The first two tests say that if one object is entirely on the far side of any face of the other object, they cannot overlap. With the faces handled by the first two tests, the last test is based on the edges of the objects. To separate the objects with the third test, we want to squeeze in a plane (whose normal is the separating axis) as close to both objects as possible, and such a plane cannot lie any closer to an object than on one of its edges. So, the separating axes to test are each formed by the cross product of an edge from each of the two objects. This test is illustrated for two boxes in Figure 22.6.

Figure 22.6. Separating axis. Call the blue box A and the yellow box B. The first image shows B fully to the right of the right face of A, the second shows A fully below the lower left face of B. In the third no face forms a plane that excludes the other box, so an axis formed from the cross product of the upper right edge of A and lower left of B defines the normal of a plane separating the two objects.

Note that the definition of a convex polyhedron is liberal here. A line segment and a convex polygon such as a triangle are also convex polyhedra (though degenerate, since they enclose no volume). A line segment A does not have a face, so the first test disappears. This test is used in deriving the triangle/box overlap test in Section 22.12 and the OBB/OBB overlap test in Section 22.13.5. Gregorius [597] notes an important optimization for any intersection test using the separating axis: temporal coherence. If a separating axis was found in this frame, store this axis as the first to test for the pair of objects in the next frame.

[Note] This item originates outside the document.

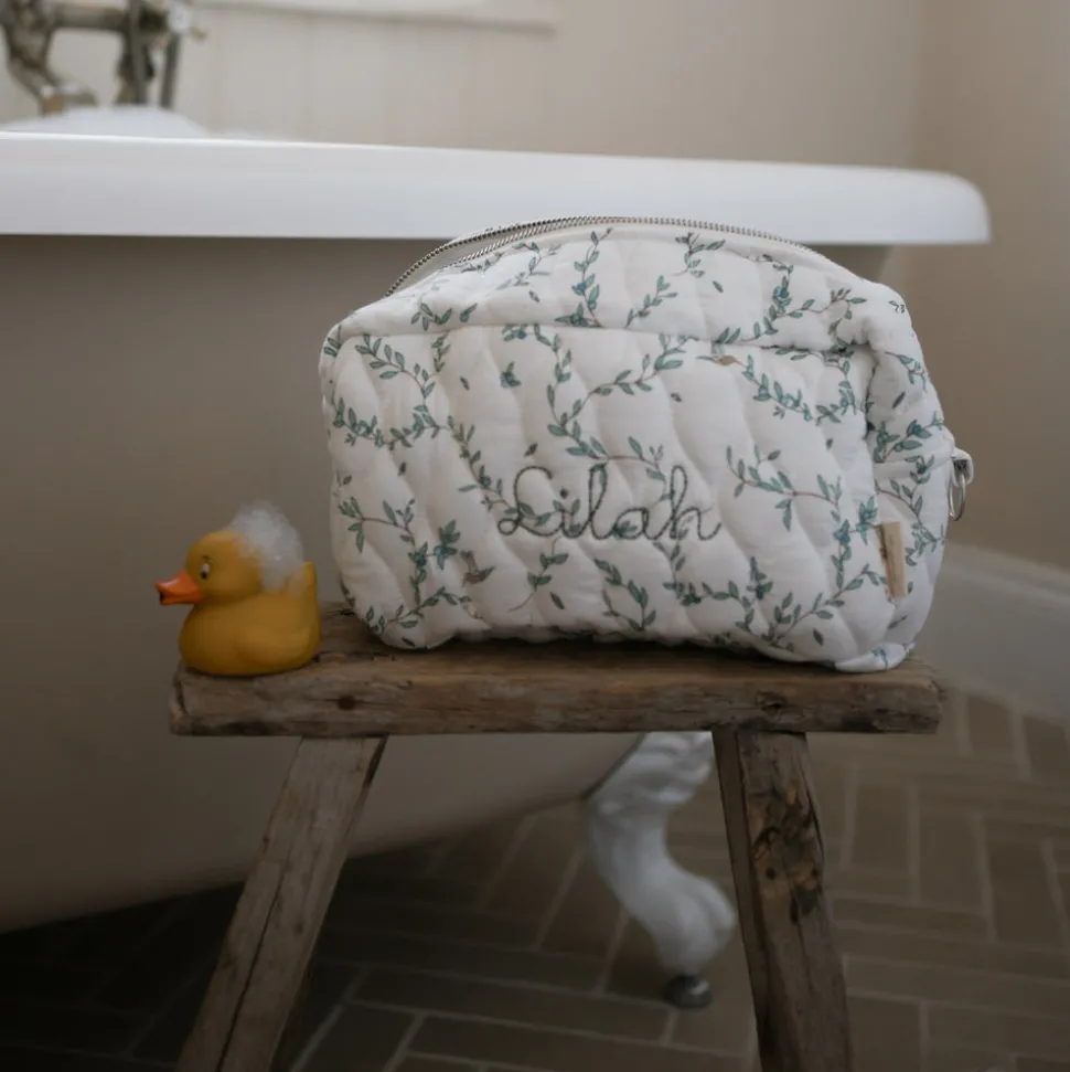 Inspired by Hygge—a Scandinavian concept that emphasizes the innate contentment arising from a cozy and comfortable atmosphere—Gooselings offers serene essentials for children and babies that bring stylish serenity to any space they touch. Expertly designed and crafted in Europe, the durably Toiletry Pouch in Secret Garden is specially designed for adventures with your little ones. Its intended organization keeps essentials tidy, making self-care hassle-free for both parents and young explorers on-the-go. Monogram is available on one size, limited to 15 characters.

To return to the discussion of methods that can be brought to bear, a common technique for optimizing intersection tests is to make some simple calculations early on that can determine whether the ray or object misses the other object. Such a test is called a rejection test, and if the test succeeds, the intersection is said to be rejected.

Another approach often used in this chapter is to project the three-dimensional objects onto the “best” orthogonal plane (xy, xz, or yz), and solve the problem in two dimensions instead.

Finally, due to numerical imprecision, we often use a minuscule number in the intersection tests. This number is denoted $ϵ$ $ϵ$ (epsilon), and its value will vary from test to test. However, often an epsilon is chosen that works for the programmer’s problem cases (what Press et al. [1446] call a “convenient fiction”), as opposed to doing careful roundoff error analysis and epsilon adjustment. Such code used in another setting may well break because of differing conditions. Ericson’s book [435] discusses the area of numerical robustness in depth in the context of geometric computation. This caveat firmly in place, we sometimes do attempt to provide epsilons that are at least reasonable starting values for “normal” data, small scale (say less than 100, more than 0.1) and near the origin.

22.3 Bounding Volume Creation

Given a collection of objects, finding a tight fitting bounding volume is important to minimizing intersection costs. The chance that an arbitrary ray will hit any convex object is proportional to that object’s surface area (Section 22.4). Minimizing this area increases the efficiency of any intersection algorithm, as a rejection is never slower to compute than an intersection. In contrast, it is often better to minimize the volume of each BV for collision detection algorithms. This section briefly covers methods of finding optimal or near-optimal bounding volumes given a collection of polygons.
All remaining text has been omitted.